Why international law remains an illusion - And the prospect of a nation beyond sovereignty
So long as states control legal enforcement, international justice remains out of reach. Could a sovereign body of supranational law break the grip of Westphalia?

So long as the world remains steeped in the “Myth of Westphalia,” the longer international law will remain elusive to humanity. In America, each state has its own bar association certifying aspirants to practice law as licensed lawyers. The fact that no supranational bar association exists testifies to the fact of the abject lack of international law enforcement the world over.
A juris doctor alone specializing in much underserved areas like international criminal law often fails to satisfy admission criteria as special counsel at both the International Court of Justice and the International Criminal Court without credentialed bar certification of some tangible variety at the state, provincial or municipal level associated with a national government.
For those of us imagining a better world reformed by rule of supranational law, the disparity is abundantly obvious and comes crashing down to a weighty question of why.
Why cannot the International Criminal Court board certify international lawyers specializing in criminal, humanitarian and evidential law among others, as a natural countermeasure to the hegemony of nationalized justice.
Any proposed resolution is met with one inescapable fact.

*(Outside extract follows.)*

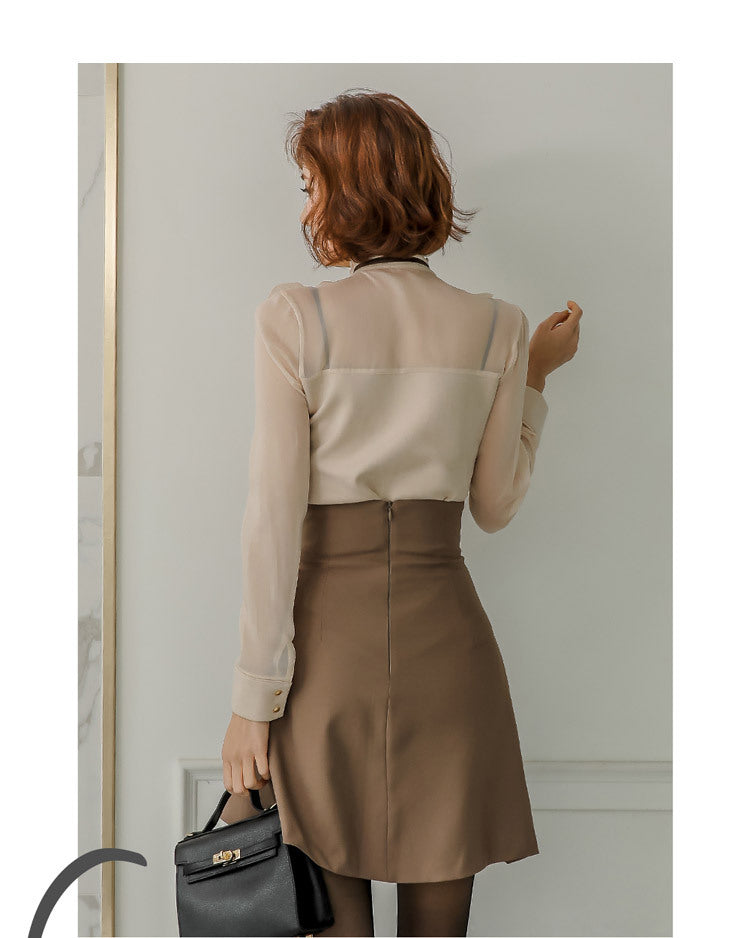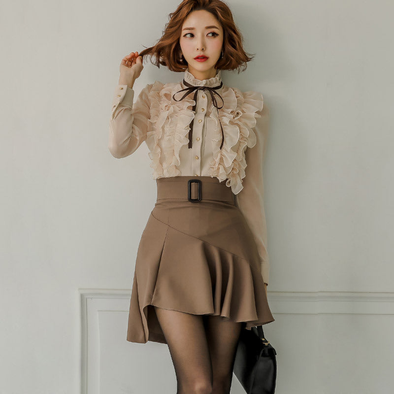 Pattern: Ruffles Shirt, Long Sleeves, Short Skirt

National sovereignty is inextricably tied to law enforcement mechanisms rendering the concept of international law overwhelmingly selective in nature.

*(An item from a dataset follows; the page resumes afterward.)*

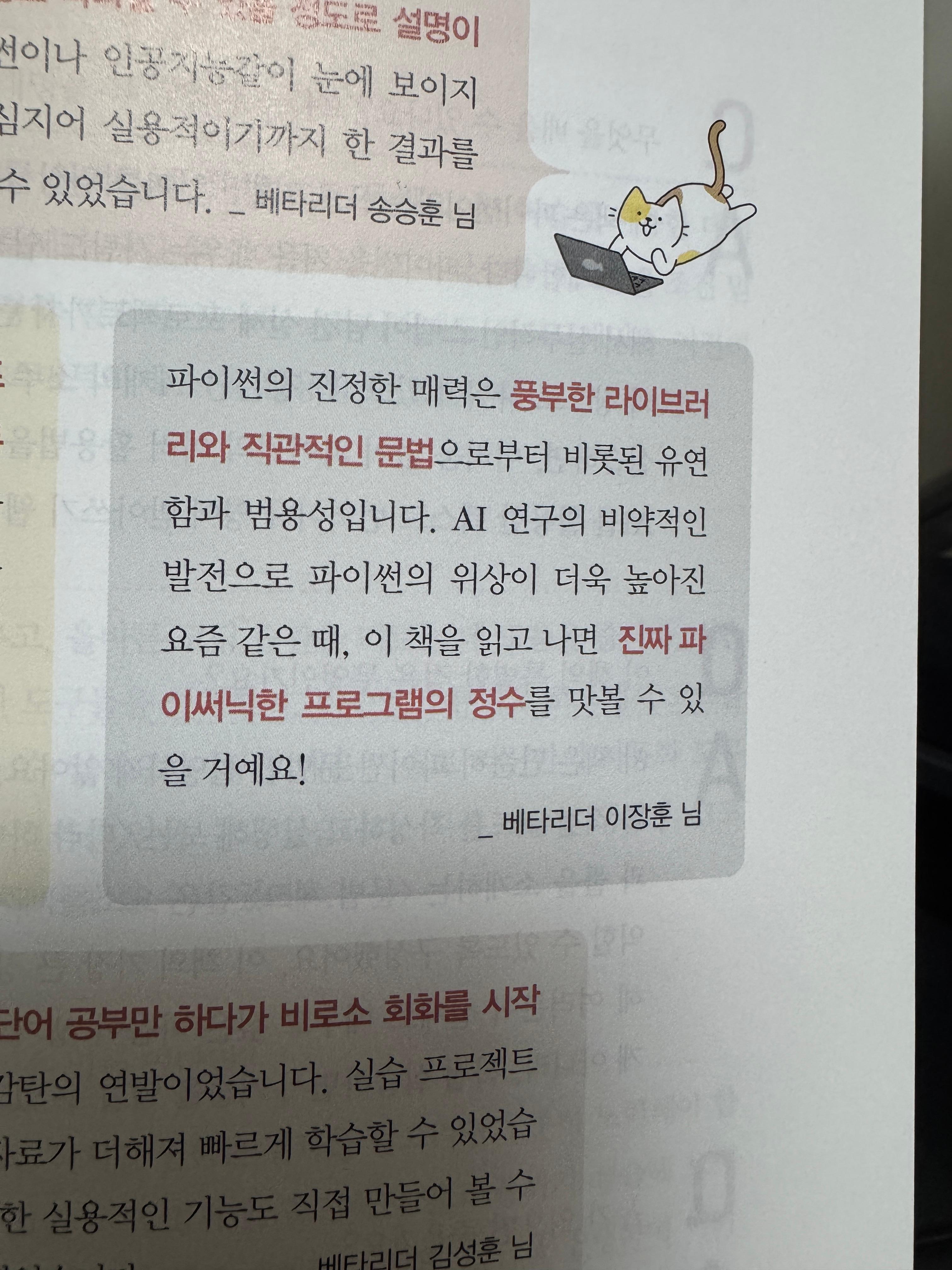 나는 참고로 이 책의 베타리더로 먼저 읽어보게되었고, 읽는 동안에도 너무 좋았다. 왜냐하면 내가 파이썬을 요즘 많이 활용하고 있고, 개인적으로 AI를 활용하면서 정말 많이 공부하면서 사용하기 때문이다.

National governments impose their own foreign policy imperatives on the distribution of international law.
Such an ongoing state of affairs cannot refute the obvious conclusion that as an enforceable concept, international law is inherently selective in nature. It might as well remain illusory so long as certain nations like the United States and Russia refuse to recognize let alone acknowledge supranational organs of international justice.
To explore this worldwide disparity turned depression of international law, several questions come to mind.
Can the belief in absolute state sovereignty, known as Westphalianism, be countered using Westphalian principles?
Can supranational bodies like the International Criminal Court and International Court of Justice be combined to form one sovereign body as an actual participant in the adjudication and enforcement of international law?
What traditional state alliances would such a proposed body of supranational sovereignty require in order to maintain its integrity without risk of getting deposed by hegemonic state actors like the United States, Russia or Israel?
The spirit of both questions seeks to imagine a tangible alternative where the concept of supranational law enforcement can stake a separate claim to state sovereignty using the rights of nations as its highest right of existential defense.
The very proposition of a sovereign body based on international law enforcement challenges the very idea of what a nation is in the first place.
This begs another question, what is a nation beyond that of an idea or shared set of ideals? After all, the United States and the former Soviet Union are human experiments rooted in the power of ideas that transformed into standing nations turned competing superpowers.
Is it therefore truly that unfathomable or unconscionable to entertain the notion of a nation founded on the adjudication and enforcement of international law with the support of diplomatic alliances with national governments?
Some of the smallest nations in the world like the Vatican, the proposed Sovereign State of the Bektashi Order, and the Sovereign Military Order of Malta are not ethnostate projects.
On the contrary, each one exemplifies vast histories of existential purpose in living national states to better continue their work. At 13,500 members, the Sovereign Military Order of Malta (SMOM) is widely recognized as a humanitarian outreach organization resembling the American Peace Corps.
The SMOM enjoys observer status at the United Nations operating 133 diplomatic missions worldwide with traditional sovereignty relegated almost entirely to one administrative building in Rome.
It is in this conceptual corollary where micronationalism is used to achieve supranational results. What seems like conceptual irony when prosecuting the meaning of nationhood can possibly hold the best defense and application of supranational law via proactive diplomacy with standing national governments.
Perhaps humanity’s best hope turned blueprint for the fair and equitable distribution of international law will be had when bodies of supranational law adopt sovereign nationhood status under the condition the proposed nation in question is afforded permanent observer status at the United Nations Security Council with vetoing power.
That principle must be enshrined as its highest existential principle to state sovereignty to match the power of the permanent five members of the Security Council as potentially one of the surest mechanisms to guarantee its reform.
Once achieved, the greatest challenge will emerge in protecting the sovereignty and integrity of such a state as the world’s undisputed harbinger of international law, justice, and order from the traditional hegemony and interference of each permanent five member.